When a seasoned brokerage like ICICI Securities initiates coverage on a stock, investors take note. Their latest report on Sanathan Textiles is no exception. With a BUY rating and a target price of INR 461 per share, the report signals a robust 47% upside, driven by strategic expansions, strong demand, and solid financial projections.

Sanathan Textiles: A Cross-Sector Powerhouse in the Making
For those unfamiliar with Sanathan Textiles, this isn’t just another run-of-the-mill textile manufacturer. It’s a company whose presence cuts across three vital verticals:
- Polyester yarn products
- Cotton yarn products
- Technical textiles and industrial-use yarns
A diverse product range is one of its strengths, with over 14,000 yarn varieties and more than 1,90,000 SKUs. This kind of scale puts Sanathan in a league of its own, catering to industries far beyond traditional textiles.
Sanathan Textiles hit the stock market on 27 December 2024 and listed with a 20.98% return on investment. The issue size was INR 550 crore. This IPO oversubscribed 35 times in 3 days. Currently, the IPO is trading at around INR 324 per share, which is close to its IPO allotment price.
Expansion: The Key to Future Growth
Smart investors know that growth is the name of the game, and Sanathan isn’t sitting still. The company is in the final stages of commissioning its greenfield facility in Punjab, it will drastically scale up the company’s operations.
- Phase-1: Set to be operational in FY25.
- Phase-2: Expected completion by FY27, further boosting production capacity.
Beyond this, the company is ramping up cotton yarn production at its Silvassa facility:
- Unit-3: Kicking off in FY24, adding 540 MTPA capacity.
- Unit-4: Launching in FY26, contributing a massive 10,950 MTPA.
By FY27, Sanathan’s total production capacity will jump by 119%, surging from 2,23,750 MTPA in FY25 to 4,90,200 MTPA.

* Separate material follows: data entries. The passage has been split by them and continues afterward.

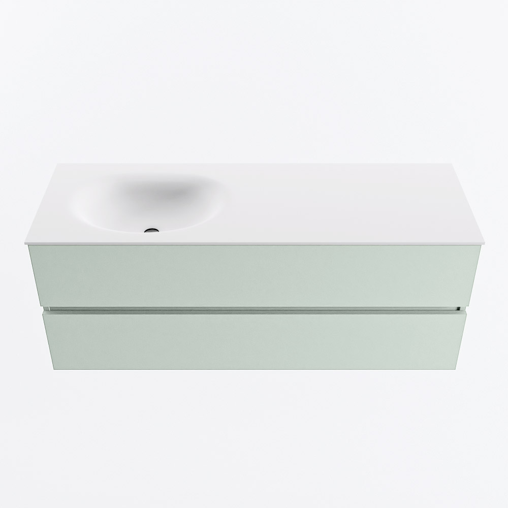 MONDIAZ VICA 130cm mueble de baño Greey 2 cajones. Lavabo MOON Izquierda sin orificio, color Talc.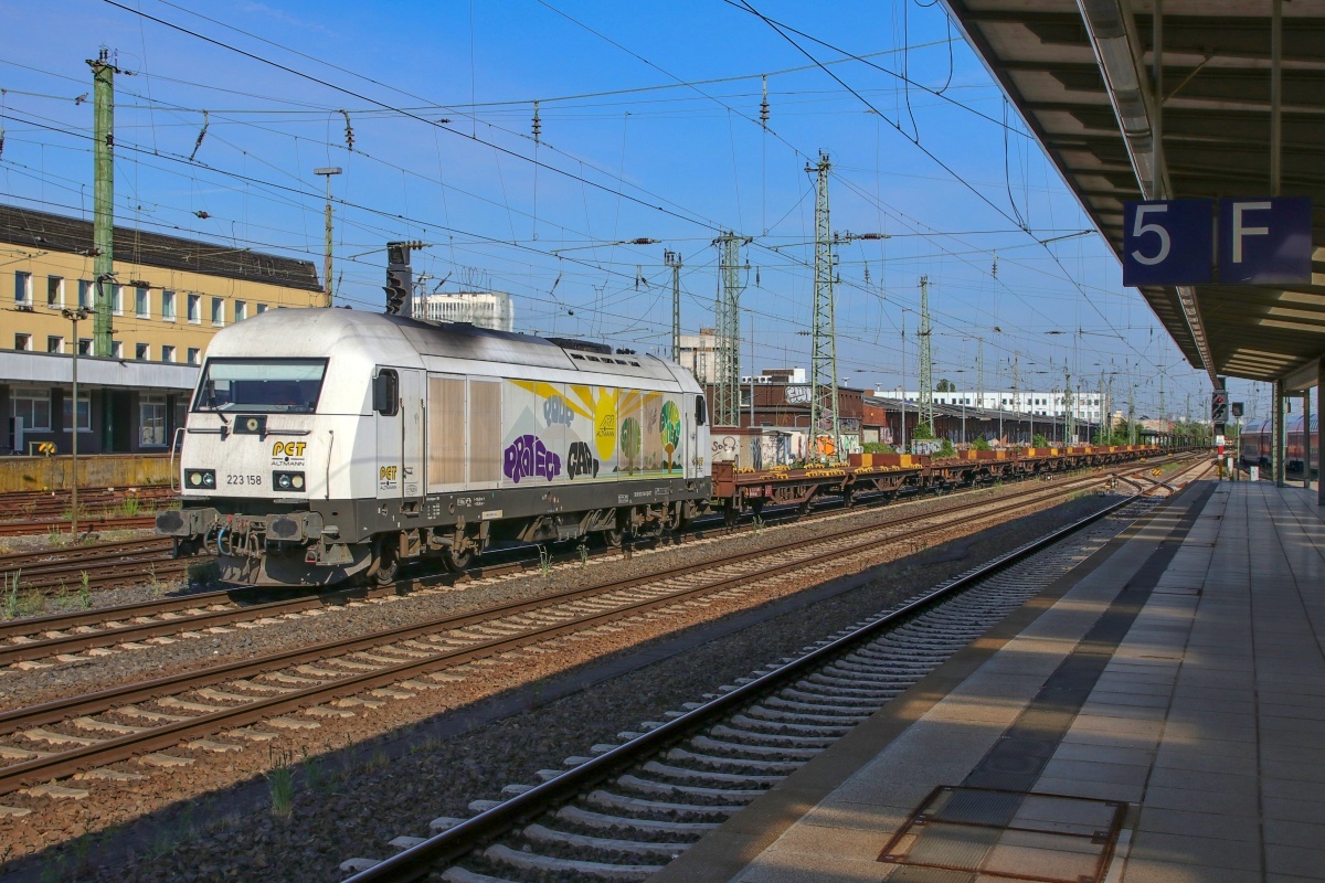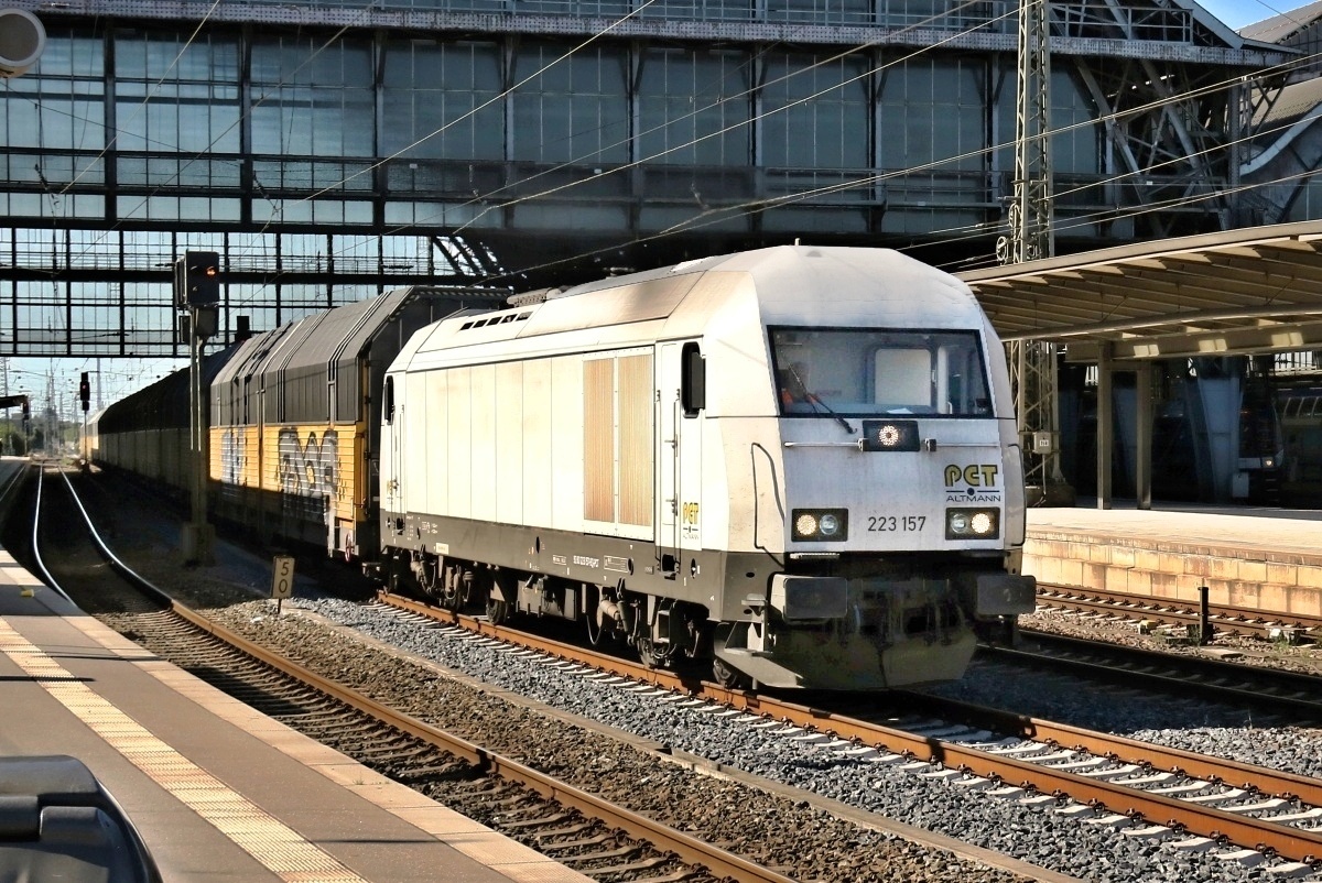 Dto. 223 158-7 am 25.056.2018. Die Lok passierte hier den Bremer Hbf mit unbeladenen Ars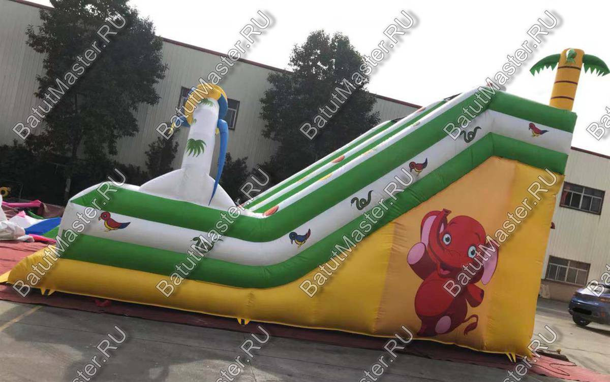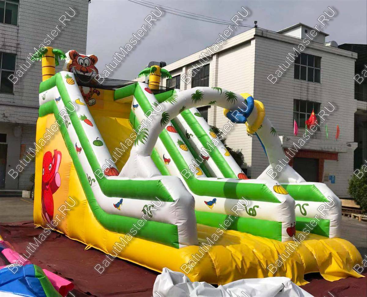 Коммерческий надувной батут «Тропический микс» представляет собой высокую горку с площадкой для прыжков. Такое сочетание очень веселит детей, ведь намного приятнее скатиться на упругую мягкую поверхность, нежели на твёрдую площадку.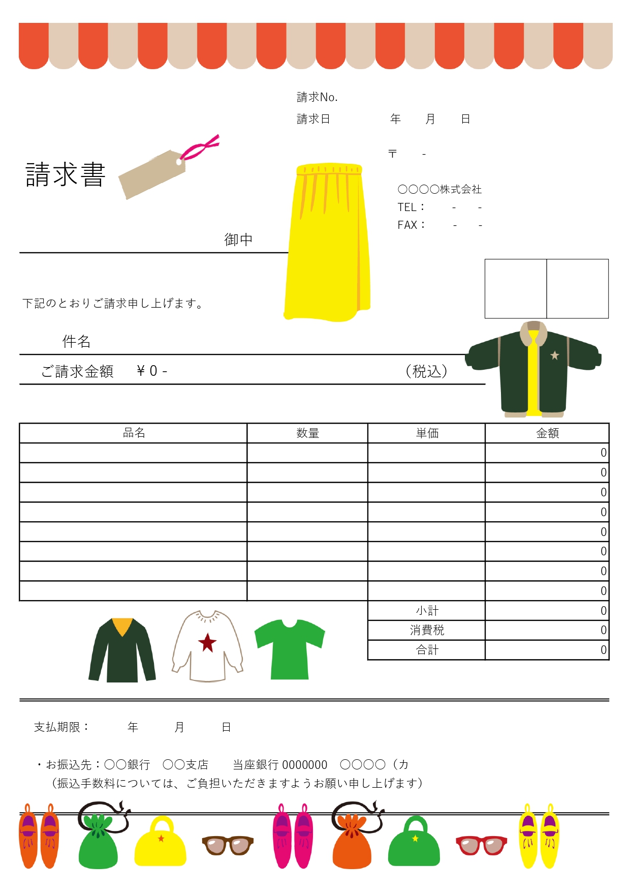 アパレル向け請求書のテンプレート|かわいい洋服のイラストが陳列するおしゃれなデザイン!個人でも使えるフォーマット!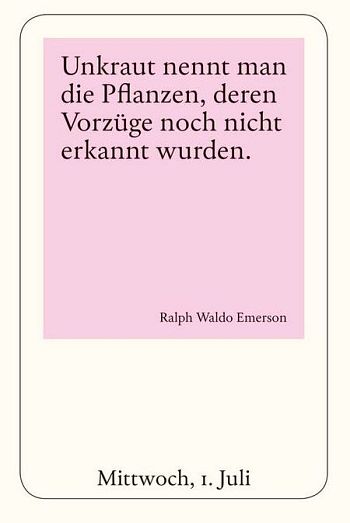 365 oft überraschende, stets tiefgründige, überwiegend humorvolle, gerne wegweisende, gelegentlich freche, immer anregende und grundsätzlich Mut machende Gedanken von großartigen Persönlichkeiten aus Kultur und Geschichte haben die Herausgeber zusammengetragen. Nichts lenkt auf den schlicht, aber prägnant gestalteten Blättern von den Worten der beherzigenswerten Botschaften von u.a. Mark Twain, Jeremias Gotthelf, Marcus Tullius Cicero, Ralph Waldo Emerson, Jean Paul, Abraham Lincoln, Kurt Tucholsky, Marilyn Monroe, Virgiani Woolf und vielen anderen mehr ab, die vielleicht dem einen oder anderen unter uns und Ihnen helfen, mehr aus dem Tag zu machen, vielleicht sogar ein besserer Mensch zu werden.

Capacity Utilization: A Telling Indicator
If you’re wondering whether Sanathan’s products are in demand, the numbers don’t lie:
- Polyester yarn: 101.7% utilization
- Cotton yarn: 111.2% utilization
- Technical textiles: 93.9% utilization
Operating at—or above—full capacity is a textbook indicator of booming demand. This underscores why expansion isn’t just strategic; it’s essential.
The Numbers Speak for Themselves
ICICI Securities has put forward some overwhelming projections:
- Revenue CAGR (FY24- FY27): 28%
- EBITDA CAGR: 42%
- EPS CAGR: 24%
They estimate FY27E Profit After Tax (PAT) at INR 300 crore, with a target multiple of 13× FY27 earnings, reinforcing the INR 461 price target. Currently, the market capitalization stands at INR 2,724 crore.

The Bottom Line: Why Investors Should Take Note
For a company expanding at this pace, Sanathan Textiles is firing on all cylinders. It has the demand, the scale, and now, the backing of a major brokerage house.
ICICI Securities’ BUY rating, with its 47% upside potential, isn’t just a casual recommendation—it’s a statement. The company’s strategic manufacturing expansions and its dominant presence in polyester, cotton, and technical textiles make it a compelling bet for the future.
Investors looking for a high-growth textile stock with solid fundamentals should keep their eyes on Sanathan Textiles—it’s weaving its way into a larger success story.